While this wind-speed analysis is limited by a comparatively small number of higher altitude surface and wind farm sites, the results are valuable as they present different aspects of surface and hub height wind speed, corrections, and reanalysis data skills. Overall, the differences between raw and the corrected data (Figure 4) show that at some sites, the corrections did improve the metrics while at other sites the correction had the opposite effects.

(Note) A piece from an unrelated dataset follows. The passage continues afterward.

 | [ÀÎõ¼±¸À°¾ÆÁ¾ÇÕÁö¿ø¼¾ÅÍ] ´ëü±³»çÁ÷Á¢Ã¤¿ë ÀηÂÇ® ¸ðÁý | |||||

NEWA overestimates wind speed, especially at the TAWES surface sites and the BGL wind farm located in flat terrain, whereas the reanalysis and GAM analysis underestimate wind speed. For the complex sites, the results of NEWA are good, and the correction also improves other reanalysis data. Thus, the overestimation in flat terrain produces comes along with a better representation of wind speed along ridges in more complex terrain. Although the NEWA results themselves do not show a good performance at some of the locations compared with other reanalysis data, using their climatic fields for a simple correction did improve the other reanalysis data. This might be due to two main reasons, one could be a balancing effect of under/overestimation and the other reason could be related to the fact that the selection of the target year, though predefined by the wind farm data, might not have been a good choice in terms of NEWA performance. The corrections with GWA-hourly did not improve the bias and turned a negative bias into, partially, strong bias. Corrections using NEWA resulted in a stronger overestimation of wind speed at sites that already exhibited overestimated wind speed without correction and resulted in a reduction of negative bias at the other sites.

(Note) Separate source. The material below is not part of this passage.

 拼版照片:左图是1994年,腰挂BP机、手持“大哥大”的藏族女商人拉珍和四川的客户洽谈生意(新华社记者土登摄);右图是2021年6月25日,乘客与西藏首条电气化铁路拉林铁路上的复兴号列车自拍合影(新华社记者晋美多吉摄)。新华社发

Figure 4. Overall bias [m/s] of surface and hub height wind speed for all locations and the corrections using the hourly correction factors (left column: raw, middle: GWA hourly corrected, right: NEWA hourly corrected). The four wind farm locations are each denoted by a single dot. Top row for ERA5, second row for MERRA-2, middle row for COSMO-REA6, and the two bottom rows for GAM and NEWA. Notably, GAM was only corrected for hub height wind speeds, thus differences might be hard to see.

3.1.2. Wind speed comparison for meteorological stations

The results of the diurnal cycle in Figure 3 (only raw, GWA-hourly corrected, and NEWA-hourly corrected shown), the two bottom rows, show that, unsurprisingly, the GAM (orange) performs best for the standard meteorological sites, TAWES, with an overall MAE of 1.65 m/s. However, also the raw reanalysis data (ERA5 blue, MERRA-2 red, and COSMO-REA6 green) perform well-given that the sites were chosen across several altitude ranges. Surprisingly, the NEWA (purple) performs worst with a mean absolute error of 3.78 m/s and an RMSE of 4.92 m/s for the surface wind speed and exhibits a strong diurnal cycle with the nocturnal mean absolute errors being worse than daytime mean absolute errors which are also found by Jourdier (2020). This might be related to the fact that the NEWA simulations had issues with the nocturnal boundary layer representation. Given the results of NEWA, an improvement in the raw reanalysis using NEWA climate for correction was not expected. However, the corrections using GWA did not improve performances but the opposite occurred. This might be related to the fact that although some sites were chosen in complex topographical areas (results not shown) where such a correction is able to improve due to the poor representation of topography in the reanalysis data set, the overall results are dominated by more flat region sites. In general, the ERA5 performed best for the TAWES sites and even outperforms the COSMO-REA6 (see Table 3 for more details). Using NEWA for, e.g., small, urban, or privately owned wind turbine site exploration, which are below 50 m above the ground, extrapolation of surface wind speed is not recommended. Here, distinct errors would be introduced.


Table 3. Mean absolute error and RMSE of the raw, GWA corrected, and NEWA corrected reanalysis fields plus NEWA and GAM analysis metrics.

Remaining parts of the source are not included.